> _Exercise objective_
Apart from the pictures, every part of the records below gets retyped exactly.

> _Supplied information_
====
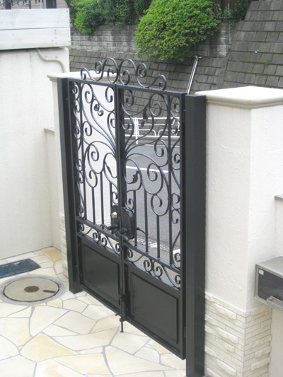 とても重厚感のある 特注デザインの大型門扉です。
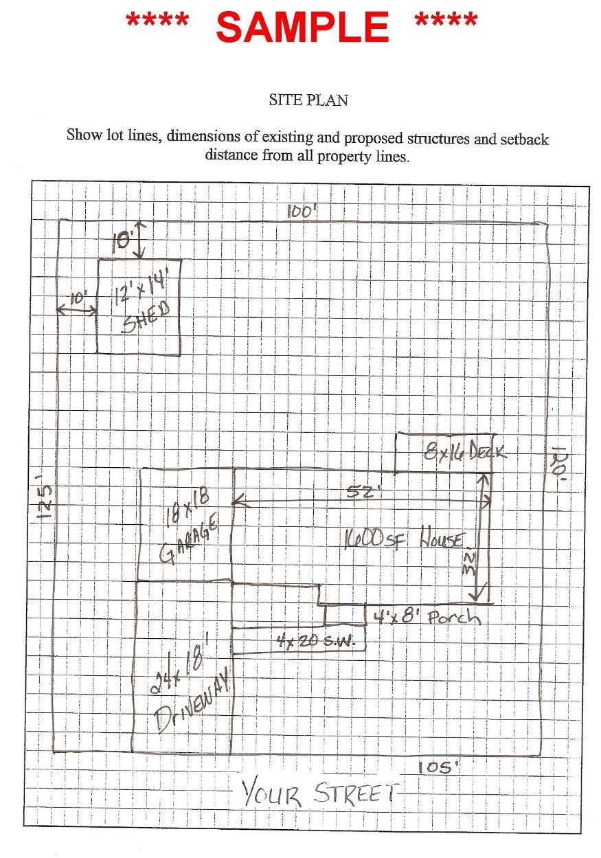 - Actual shape and dimensions of the lot for which a permit is sought
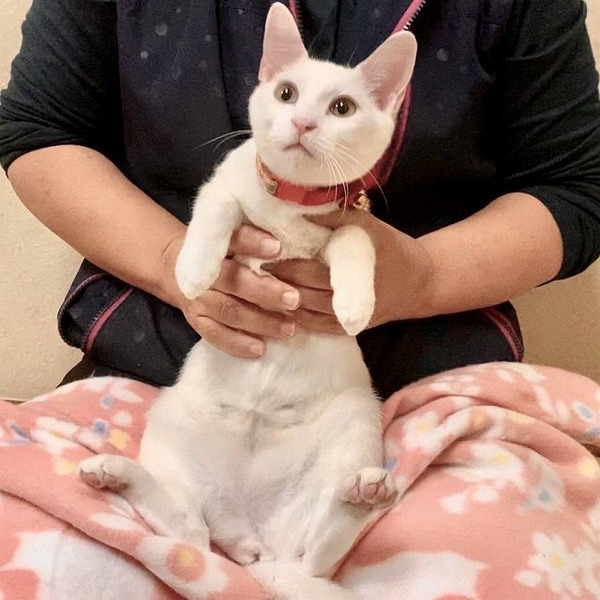 | 特徴(性格など) | ノミダニ駆除済み 検便駆虫済み ワクチン済み 血液検査済み(エイズ・白血病ともに陰性) 避妊去勢手術済み 白猫のももちゃんです。 保護後シャンプーもドライヤーも怖がらないと思ったら、耳が聞こえないようです。 そのせいか物おじなく、犬も猫も平気!元気いっぱいの食いしん坊さんです。 天真爛漫な姿に癒されます。 外では生きていけない子です。 どうか家族に迎えてあげてください。 ネットが苦手な保護主に代わり代理で募集しております。(連絡先は下記記載) お問い合わせは下記の連絡先に「蓮くん愛ちゃんの件」とお問合せ下さいませ。 |
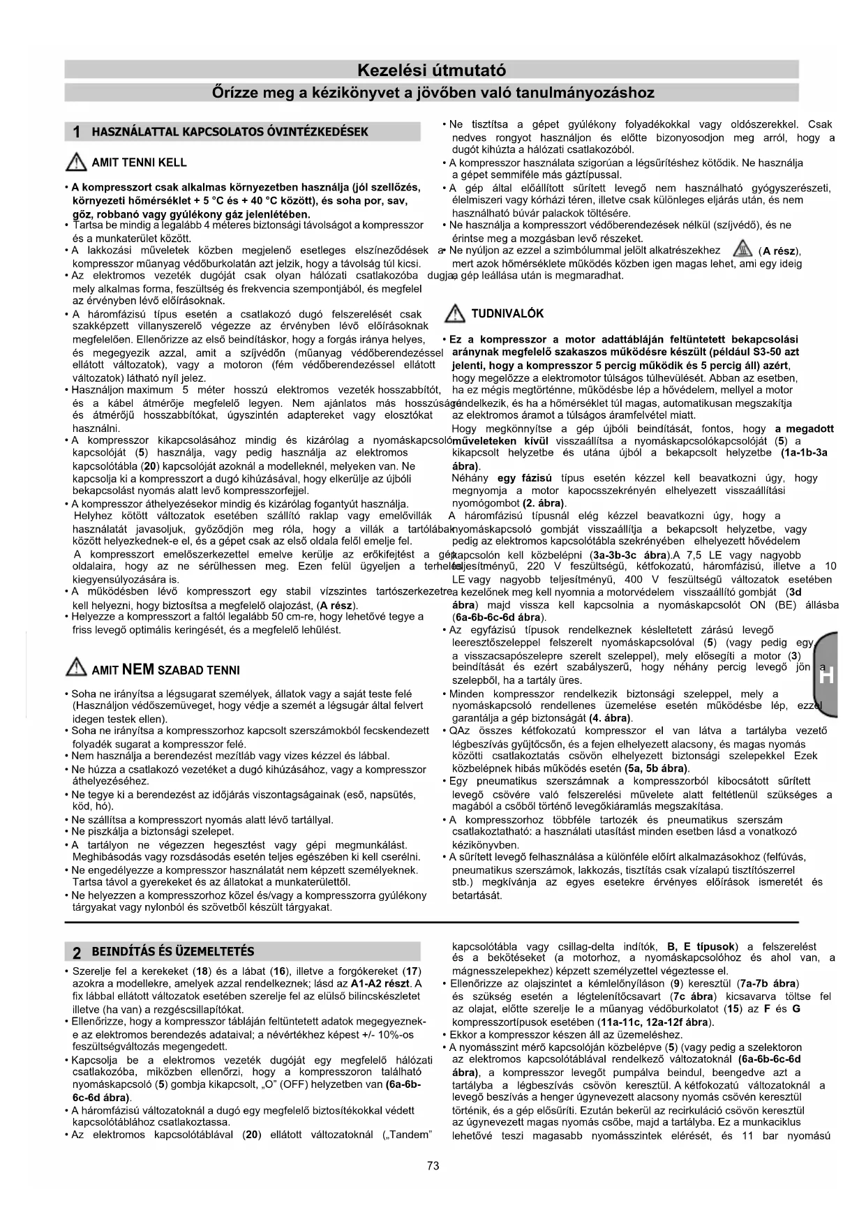 - Ez a kompresszor a motor adattábláján feltüntetett bekapcsolási aránynak megfelelő szakaszos működésre készült (például S3-50 azt jelenti, hogy a kompresszor 5 percig működik és 5 percig áll) azért,hogymegelőzzeaelektromotortúlságostúlhevülését.Abbanazesetben,haezmégismegtörténne,működésbelépahővédelem,mellyelamotorrendelkezik,éshaahőmérséklettúlmagas,automatikusanmegszakítjaazelektromosáramotatúlságosáramfelvételmiatt. Hogy megkönnyítse a gép újbóli beindítását, fontos, hogy a megadott műveleteken kívül visszaállítsa a nyomáskapcsolókapcsolóját (5) a kikapcsolt helyzetbe és utána újból a bekapcsolt helyzetbe (1a-1b-3a ábra). Néhány egy fázisú típus esetén kézzel kell beavatkozni úgy, hogymegnyomja a motor kapocsszekrényén elhelyezett visszaállításinyomógombot(2. ábra). A háromfázisú típusnál elég kézzel beavatkozni úgy, hogy anyomáskapcsoló gombját visszaállítja a bekapcsolt helyzetbe, vagypedigazelektromoskapcsolótáblaszekrényében elhelyezetthővédelem kapcsolón kell közbelépni(3a-3b-3c ábra).A 7,5 LE vagy nagyobb teljesítményű, 220 V feszültségű, kétfokozatú, háromfázisú, illetve a 10LEvagy nagyobb teljesítményű, 400 V feszültségű változatok esetébenakezelőnekmegkellnyomniaamotorvédelem visszaállítógombját (3d ábra) majd vissza kell kapcsolnia a nyomáskapcsolót ON (BE) állásba(6a-6b-6c-6d ábra).•Az egyfázisú típusok rendelkeznek késleltetett zárású levegőleeresztőszeleppel felszerelt nyomáskapcsolóval (5) (vagy pedig egy, a visszacsapószelepre szerelt szeleppel), mely elősegíti a motor (3) beindítását és ezért szabályszerű, hogy néhány percig levegő jön aszelepből,haatartályüres.•Minden kompresszor rendelkezik biztonsági szeleppel, mely anyomáskapcsoló rendellenes üzemelése esetén működésbe lép, ezzelgarantáljaagépbiztonságát(4. ábra).•QAz összes kétfokozatú kompresszor el van látva a tartályba vezetőlégbeszívásgyűjtőcsőn,ésafejenelhelyezettalacsony,ésmagasnyomásközötti csatlakoztatás csövön elhelyezett biztonsági szelepekkel Ezekközbelépnekhibásműködésesetén(5a, 5b ábra).•Egy pneumatikus szerszámnak a kompresszorból kibocsátott sűrítettlevegő csövére való felszerelési művelete alatt feltétlenül szükséges amagábólacsőbőltörténőlevegőkiáramlásmegszakítása.•A kompresszorhoz többféle tartozék és pneumatikus szerszámcsatlakoztatható:ahasználatiutasítástmindenesetbenlásdavonatkozókézikönyvben.•Asűrítettlevegőfelhasználásaakülönféleelőírtalkalmazásokhoz(felfúvás,pneumatikusszerszámok,lakkozás,tisztításcsakvízalapútisztítószerrelstb.) megkívánja az egyes esetekre érvényes előírások ismeretét ésbetartását.
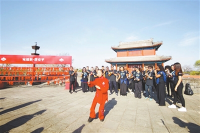 本报讯(记者 袁阳)4月11日下午,宛平城西城楼上,一曲熟悉的《茉莉花》旋律在春风中响起。演唱者是来自巴西里约热内卢市的非物质文化遗产“科帕卡巴纳要塞管弦乐团”的乐手们。他们用中文演绎着这首中国民歌,前方一身红衣的中国太极拳表演者手持太极扇,缓起势、转体、推掌,动作张弛有度。蓝天下,红与黑、动与静,在古老的城墙上构成一幅跨越时空的画卷。
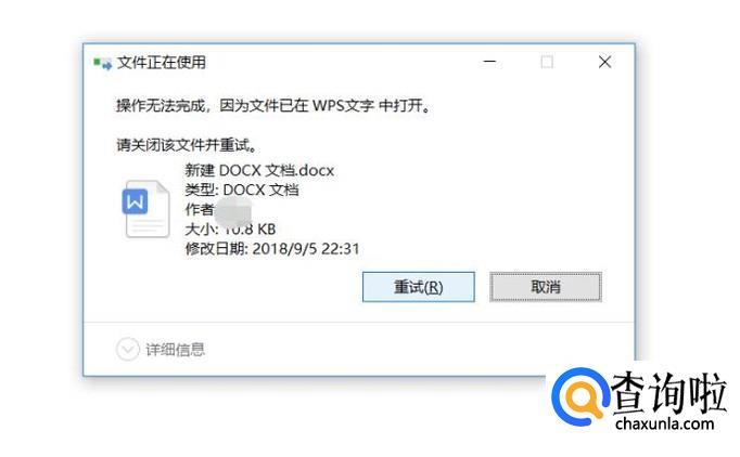 弹出提示,操作无法完成,而且给出了占用该文件的程序信息,这种情况,只需要关闭提示中的软件即可成功删除
====
> _Task answer_
 とても重厚感のある 特注デザインの大型門扉です。
 - Actual shape and dimensions of the lot for which a permit is sought
 | 特徴(性格など) | ノミダニ駆除済み 検便駆虫済み ワクチン済み 血液検査済み(エイズ・白血病ともに陰性) 避妊去勢手術済み 白猫のももちゃんです。 保護後シャンプーもドライヤーも怖がらないと思ったら、耳が聞こえないようです。 そのせいか物おじなく、犬も猫も平気!元気いっぱいの食いしん坊さんです。 天真爛漫な姿に癒されます。 外では生きていけない子です。 どうか家族に迎えてあげてください。 ネットが苦手な保護主に代わり代理で募集しております。(連絡先は下記記載) お問い合わせは下記の連絡先に「蓮くん愛ちゃんの件」とお問合せ下さいませ。 |
 - Ez a kompresszor a motor adattábláján feltüntetett bekapcsolási aránynak megfelelő szakaszos működésre készült (például S3-50 azt jelenti, hogy a kompresszor 5 percig működik és 5 percig áll) azért,hogymegelőzzeaelektromotortúlságostúlhevülését.Abbanazesetben,haezmégismegtörténne,működésbelépahővédelem,mellyelamotorrendelkezik,éshaahőmérséklettúlmagas,automatikusanmegszakítjaazelektromosáramotatúlságosáramfelvételmiatt. Hogy megkönnyítse a gép újbóli beindítását, fontos, hogy a megadott műveleteken kívül visszaállítsa a nyomáskapcsolókapcsolóját (5) a kikapcsolt helyzetbe és utána újból a bekapcsolt helyzetbe (1a-1b-3a ábra). Néhány egy fázisú típus esetén kézzel kell beavatkozni úgy, hogymegnyomja a motor kapocsszekrényén elhelyezett visszaállításinyomógombot(2. ábra). A háromfázisú típusnál elég kézzel beavatkozni úgy, hogy anyomáskapcsoló gombját visszaállítja a bekapcsolt helyzetbe, vagypedigazelektromoskapcsolótáblaszekrényében elhelyezetthővédelem kapcsolón kell közbelépni(3a-3b-3c ábra).A 7,5 LE vagy nagyobb teljesítményű, 220 V feszültségű, kétfokozatú, háromfázisú, illetve a 10LEvagy nagyobb teljesítményű, 400 V feszültségű változatok esetébenakezelőnekmegkellnyomniaamotorvédelem visszaállítógombját (3d ábra) majd vissza kell kapcsolnia a nyomáskapcsolót ON (BE) állásba(6a-6b-6c-6d ábra).•Az egyfázisú típusok rendelkeznek késleltetett zárású levegőleeresztőszeleppel felszerelt nyomáskapcsolóval (5) (vagy pedig egy, a visszacsapószelepre szerelt szeleppel), mely elősegíti a motor (3) beindítását és ezért szabályszerű, hogy néhány percig levegő jön aszelepből,haatartályüres.•Minden kompresszor rendelkezik biztonsági szeleppel, mely anyomáskapcsoló rendellenes üzemelése esetén működésbe lép, ezzelgarantáljaagépbiztonságát(4. ábra).•QAz összes kétfokozatú kompresszor el van látva a tartályba vezetőlégbeszívásgyűjtőcsőn,ésafejenelhelyezettalacsony,ésmagasnyomásközötti csatlakoztatás csövön elhelyezett biztonsági szelepekkel Ezekközbelépnekhibásműködésesetén(5a, 5b ábra).•Egy pneumatikus szerszámnak a kompresszorból kibocsátott sűrítettlevegő csövére való felszerelési művelete alatt feltétlenül szükséges amagábólacsőbőltörténőlevegőkiáramlásmegszakítása.•A kompresszorhoz többféle tartozék és pneumatikus szerszámcsatlakoztatható:ahasználatiutasítástmindenesetbenlásdavonatkozókézikönyvben.•Asűrítettlevegőfelhasználásaakülönféleelőírtalkalmazásokhoz(felfúvás,pneumatikusszerszámok,lakkozás,tisztításcsakvízalapútisztítószerrelstb.) megkívánja az egyes esetekre érvényes előírások ismeretét ésbetartását.
 本报讯(记者 袁阳)4月11日下午,宛平城西城楼上,一曲熟悉的《茉莉花》旋律在春风中响起。演唱者是来自巴西里约热内卢市的非物质文化遗产“科帕卡巴纳要塞管弦乐团”的乐手们。他们用中文演绎着这首中国民歌,前方一身红衣的中国太极拳表演者手持太极扇,缓起势、转体、推掌,动作张弛有度。蓝天下,红与黑、动与静,在古老的城墙上构成一幅跨越时空的画卷。
 弹出提示,操作无法完成,而且给出了占用该文件的程序信息,这种情况,只需要关闭提示中的软件即可成功删除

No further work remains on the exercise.